● About this exercise: Copy nothing but the text: repeat each entry exactly and drop the images.

● Supplied records:
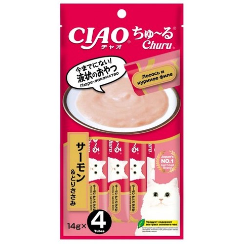 INABA CIAO Churu (ИНАБА ЧАО ЧУРУ) пюре-лакомства для кошек на основе лосося и куриного филе.
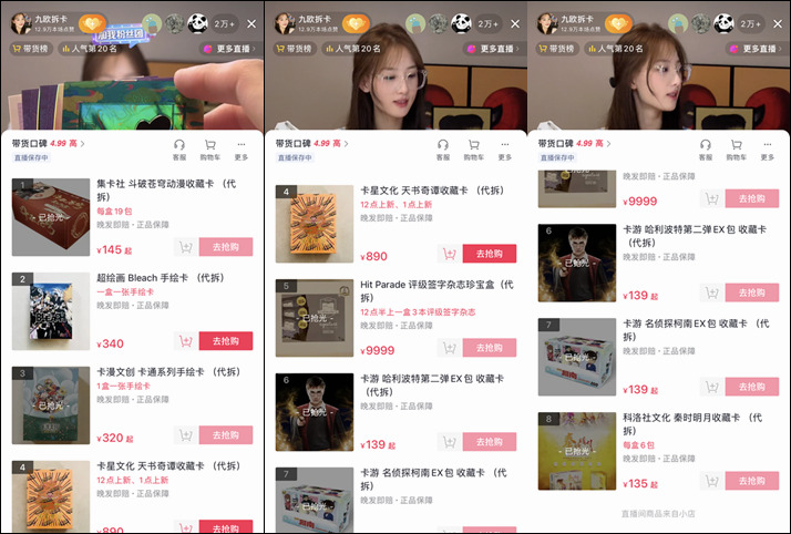 大家在直播间里下单了卡包之后,主播就会在直播间里帮拆卡。
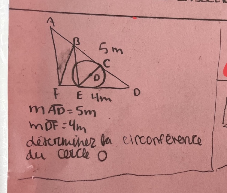j’ai besoin d’aide pour calculer la circonférence du cercle. Désolé du dessin et de l’écriture affreuse…
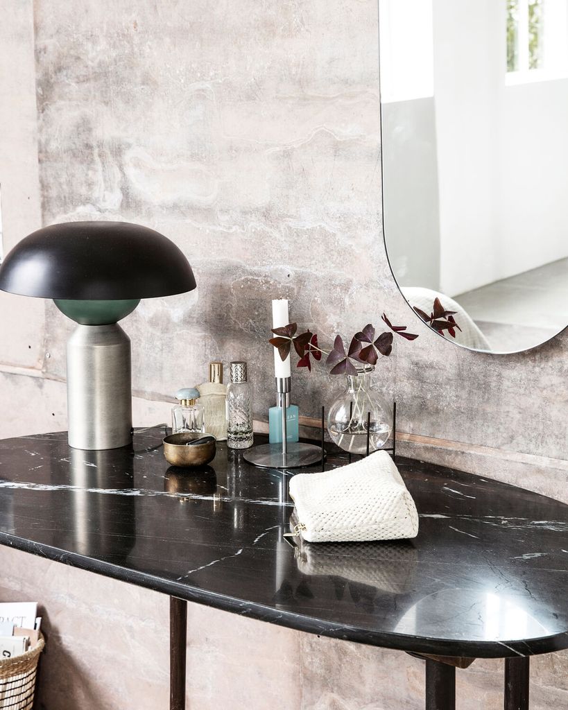 Elegant skrivbord med svart marmor och järn för stilfulla hemmakontor.
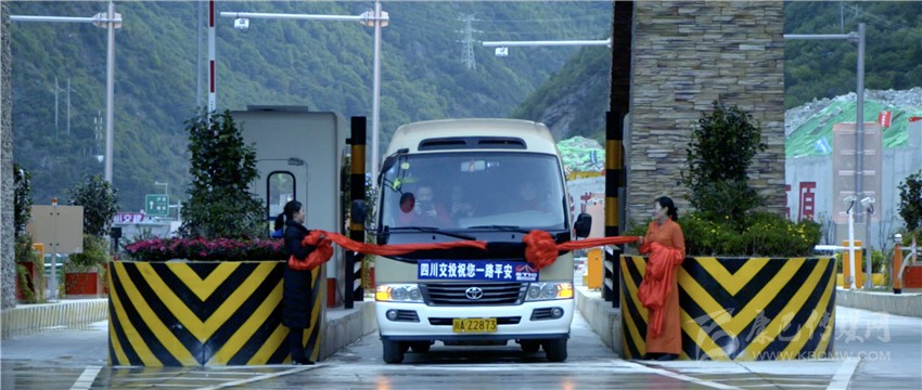 “木雅古碉”建筑矗立兩旁、六出四進(jìn)通道一字排開;巨大熒幕流光溢彩,連接通道窗明幾凈;從無人機(jī)航拍畫面可以看到,一面巨大的五星紅旗,已在站頂平層鋪展開來……9月28日上午8時(shí)整,一輛客車從升航特大橋駛來,撞破紅綢駛向康定城,旁邊車道上等待多時(shí)的車輛依次行進(jìn),雅康高速公路上規(guī)模最大的收費(fèi)站——康定收費(fèi)站正式啟用,康定連接線和入城大道通車。“康定連接線建成后將極大提高雅康高速公路進(jìn)入康定城區(qū)車輛通行效率、有效改善康定入城交通的擁堵狀況?!辈貐^(qū)高速公路公司相關(guān)負(fù)責(zé)人如是說。
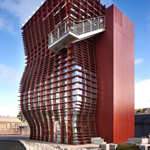 A sculptural red steel structure known as 'The Waffle' houses Jordan Kahn's two-Michelin-starred temple to avant-garde dining. The tasting menu unfolds as edible art: scallop adorned with passionfruit and ají amarillo, compositions blanketed in edible flowers and tomato water, desserts that shift through kaleidoscopic flavors. A Michelin Green Star recognizes the kitchen's zero-waste commitment across all operations.
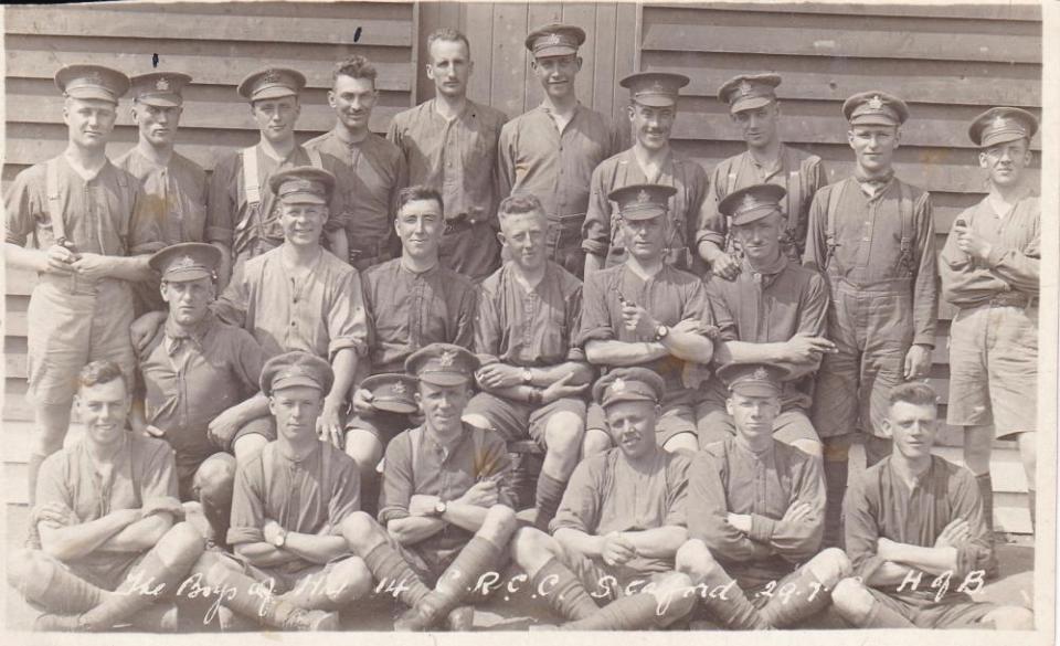 Uncle Pte. Charles Hornibrook (back row, 2nd from left) and John Dobbs (back row, 4th from left) with Cyclist Platoon in Seaford, England. Taken July 29th, 1918. Enclosed with letter sent to Gladys Hornibrook, dated August 4th, 1918.
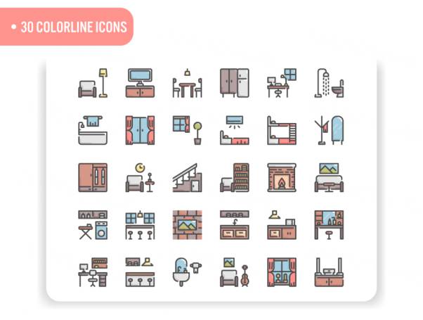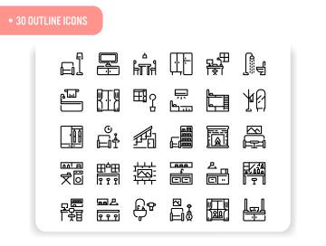 图穷联素材库 » 生动的家具居家矢量图标套装图标素材下载
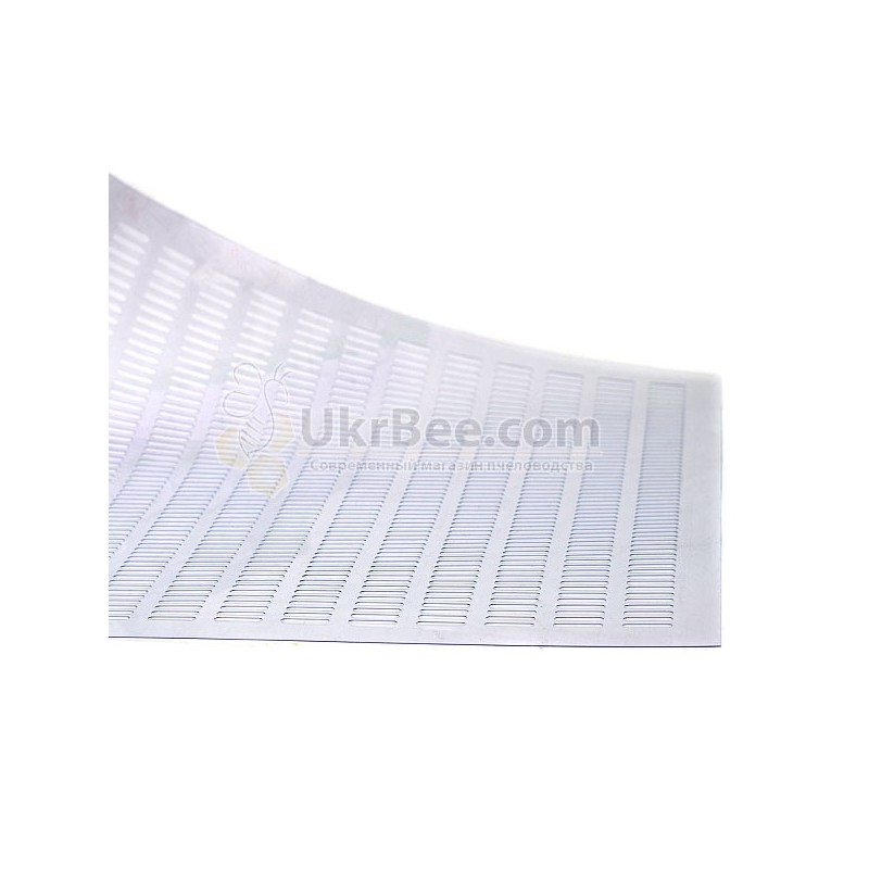 grille made of food quality material – vindurin. This thin plastic can effectively use these lattice hives all types and sizes. Play easily cut at custom sizes hives. Thanks to a thickness of 0.5 mm grating can be placed between the buildings beehives any design without violating internal dimensions of the hive.
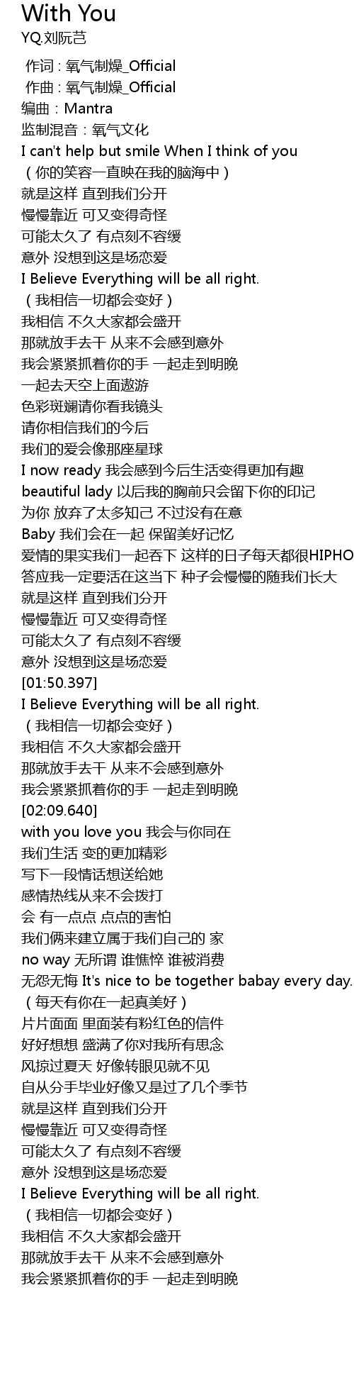 | [02:09.640] | with you love you wo hui yu ni tong zai |
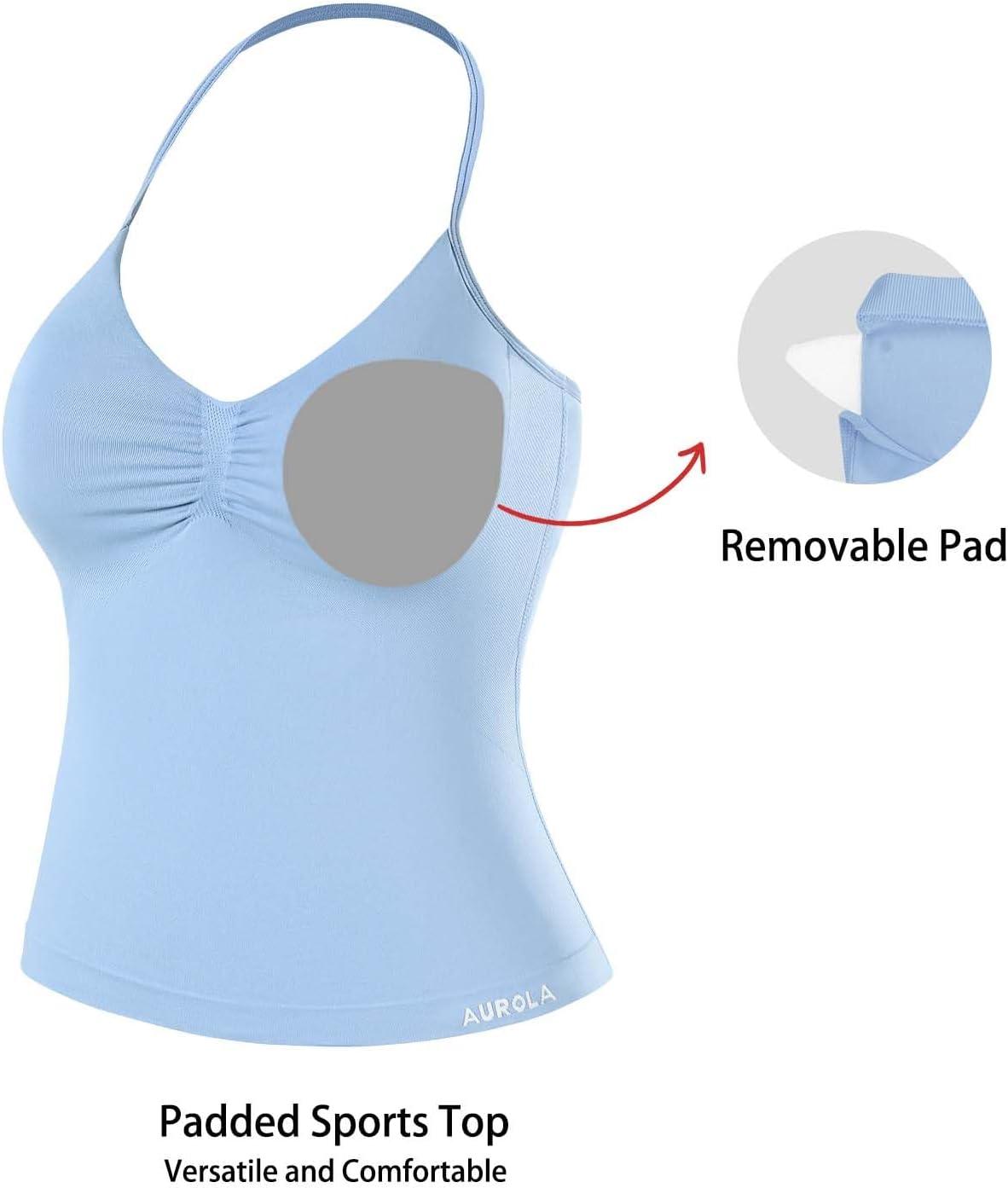 AUROLA Influence Longline Strappy Workout Halter Tops for Women,Removable Cups Padded Bras Impact Gym Yoga Sleeveless Top(Airy Blue)
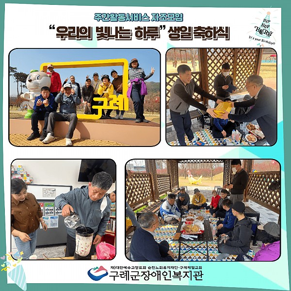 주간활동서비스에서는 자조활동으로 1분기 생일잔치를 맞아 특별한 야외 활동을 진행하였습니다.
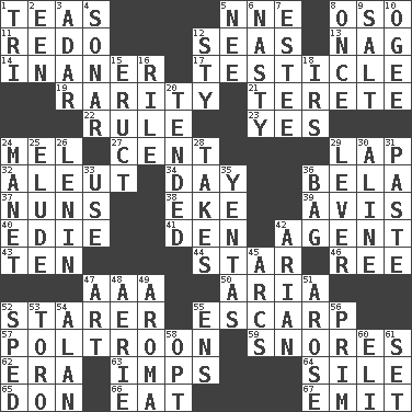 ACROSS 1. Beverages made from leaves 5. Compass dir. 8. Bear (Spanish) 11. Do over again 12. Oceans 13. Tired old horse 14. Sillier 17. One of the two male reproductive glands 19. Noteworthy scarcity 21. Cylindrical with tapered ends 22. Court order 23. Consenting reply 24. Cartoonist voice _ Blanc 27. Penny 29. Infant locale 32. Eskimo relative 34. 24 hours 36. Actor Lugosi 37. Religious women 38. Supplement with great effort 39. Advice 40. Singer Brickell 41. Lair 42. Rep 43. Nine, plus one 44. Play the lead 46. To sift 47. Auto club (abbr.) 50. Roberta Peters solo 52. A viewer who gazes fixedly 55. Fortification 57. Coward 59. Sounds asleep 62. Epoch 63. Naughty children 64. Drop; flow; fall 65. Spanish title 66. Erode 67. Give off DOWN 1. Three (prefix) 2. Car or cant ending 3. The sixth month of the Jewish calendar 4. Underwater navigation system 5. Born 6. Smutty 7. First name in cosmetics 8. At one time in the past 9. Table seasoning 10. Double curve, resembling the letter S 12. Filthy place 15. Spew [out] 16. Cause heat under the collar 18. Big collection agency 20. Looked after 24. French painter Edouard 25. Dodge 26. Soviet premier 1918-24 28. Proceeds 29. Prying instrument 30. Place in a line 31. Thick mixture 33. Purpose 35. Gossips 36. Paper or plastic container 42. Believer in; advocate of (suffix) 45. Arches 47. Nonscientific branch of learning 48. Nest on high 49. Odor 51. Came up 52. Broke a traffic law 53. "Corrida" creature 54. Actor Alda or Thicke 55. Followers of ems 56. Demure 58. Elect 60. Biblical high priest 61. Arrange properly for use
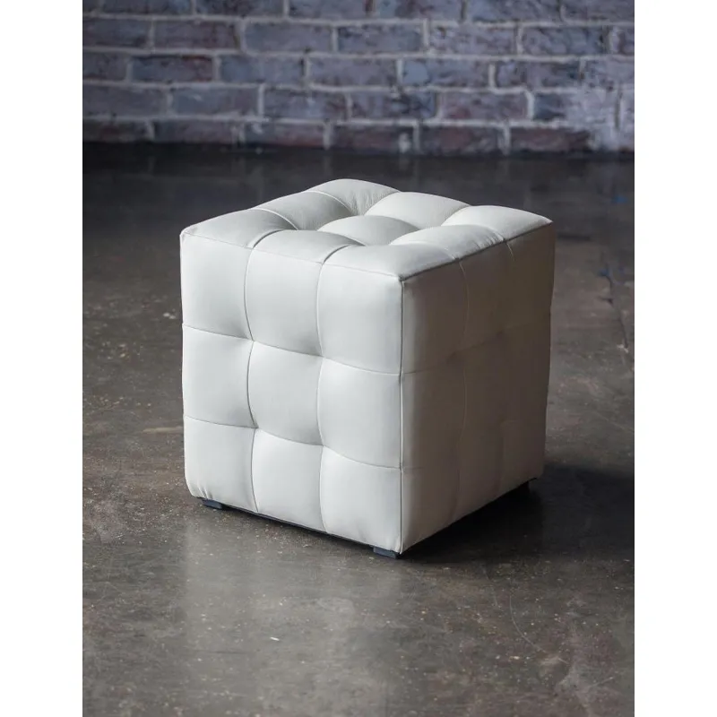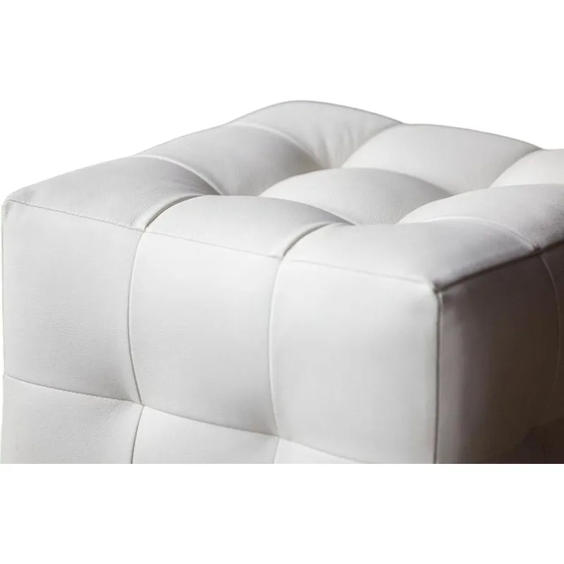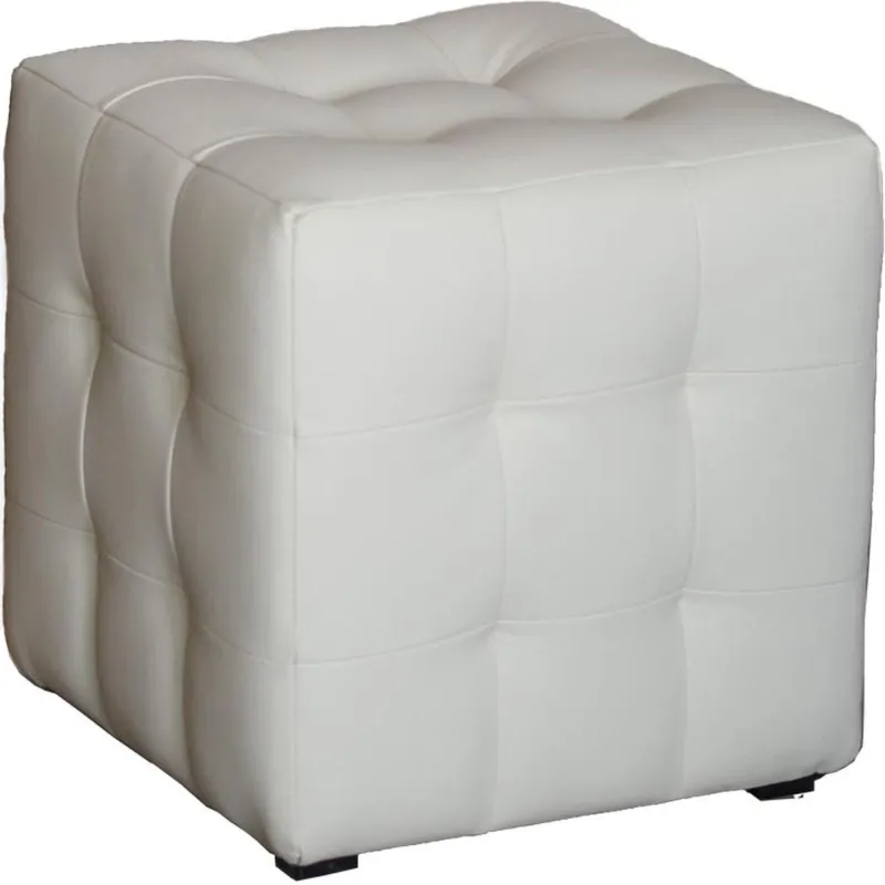Обивка выполнена из искусственной кожи, устойчивая к износу, что делает ее практичным выбором для повседневного использования. Ножки выполнены из дерева и имеют высоту 15 мм, что придает пуфу устойчивость.

● Solution to this exercise:
 INABA CIAO Churu (ИНАБА ЧАО ЧУРУ) пюре-лакомства для кошек на основе лосося и куриного филе.
 大家在直播间里下单了卡包之后,主播就会在直播间里帮拆卡。
j’ai besoin d’aide pour calculer la circonférence du cercle. Désolé du dessin et de l’écriture affreuse…
 Elegant skrivbord med svart marmor och järn för stilfulla hemmakontor.
 “木雅古碉”建筑矗立兩旁、六出四進(jìn)通道一字排開;巨大熒幕流光溢彩,連接通道窗明幾凈;從無人機(jī)航拍畫面可以看到,一面巨大的五星紅旗,已在站頂平層鋪展開來……9月28日上午8時(shí)整,一輛客車從升航特大橋駛來,撞破紅綢駛向康定城,旁邊車道上等待多時(shí)的車輛依次行進(jìn),雅康高速公路上規(guī)模最大的收費(fèi)站——康定收費(fèi)站正式啟用,康定連接線和入城大道通車。“康定連接線建成后將極大提高雅康高速公路進(jìn)入康定城區(qū)車輛通行效率、有效改善康定入城交通的擁堵狀況?!辈貐^(qū)高速公路公司相關(guān)負(fù)責(zé)人如是說。
 A sculptural red steel structure known as 'The Waffle' houses Jordan Kahn's two-Michelin-starred temple to avant-garde dining. The tasting menu unfolds as edible art: scallop adorned with passionfruit and ají amarillo, compositions blanketed in edible flowers and tomato water, desserts that shift through kaleidoscopic flavors. A Michelin Green Star recognizes the kitchen's zero-waste commitment across all operations.
 Uncle Pte. Charles Hornibrook (back row, 2nd from left) and John Dobbs (back row, 4th from left) with Cyclist Platoon in Seaford, England. Taken July 29th, 1918. Enclosed with letter sent to Gladys Hornibrook, dated August 4th, 1918.
 图穷联素材库 » 生动的家具居家矢量图标套装图标素材下载
 grille made of food quality material – vindurin. This thin plastic can effectively use these lattice hives all types and sizes. Play easily cut at custom sizes hives. Thanks to a thickness of 0.5 mm grating can be placed between the buildings beehives any design without violating internal dimensions of the hive.
 | [02:09.640] | with you love you wo hui yu ni tong zai |
 AUROLA Influence Longline Strappy Workout Halter Tops for Women,Removable Cups Padded Bras Impact Gym Yoga Sleeveless Top(Airy Blue)
 주간활동서비스에서는 자조활동으로 1분기 생일잔치를 맞아 특별한 야외 활동을 진행하였습니다.
 ACROSS 1. Beverages made from leaves 5. Compass dir. 8. Bear (Spanish) 11. Do over again 12. Oceans 13. Tired old horse 14. Sillier 17. One of the two male reproductive glands 19. Noteworthy scarcity 21. Cylindrical with tapered ends 22. Court order 23. Consenting reply 24. Cartoonist voice _ Blanc 27. Penny 29. Infant locale 32. Eskimo relative 34. 24 hours 36. Actor Lugosi 37. Religious women 38. Supplement with great effort 39. Advice 40. Singer Brickell 41. Lair 42. Rep 43. Nine, plus one 44. Play the lead 46. To sift 47. Auto club (abbr.) 50. Roberta Peters solo 52. A viewer who gazes fixedly 55. Fortification 57. Coward 59. Sounds asleep 62. Epoch 63. Naughty children 64. Drop; flow; fall 65. Spanish title 66. Erode 67. Give off DOWN 1. Three (prefix) 2. Car or cant ending 3. The sixth month of the Jewish calendar 4. Underwater navigation system 5. Born 6. Smutty 7. First name in cosmetics 8. At one time in the past 9. Table seasoning 10. Double curve, resembling the letter S 12. Filthy place 15. Spew [out] 16. Cause heat under the collar 18. Big collection agency 20. Looked after 24. French painter Edouard 25. Dodge 26. Soviet premier 1918-24 28. Proceeds 29. Prying instrument 30. Place in a line 31. Thick mixture 33. Purpose 35. Gossips 36. Paper or plastic container 42. Believer in; advocate of (suffix) 45. Arches 47. Nonscientific branch of learning 48. Nest on high 49. Odor 51. Came up 52. Broke a traffic law 53. "Corrida" creature 54. Actor Alda or Thicke 55. Followers of ems 56. Demure 58. Elect 60. Biblical high priest 61. Arrange properly for use
Обивка выполнена из искусственной кожи, устойчивая к износу, что делает ее практичным выбором для повседневного использования. Ножки выполнены из дерева и имеют высоту 15 мм, что придает пуфу устойчивость.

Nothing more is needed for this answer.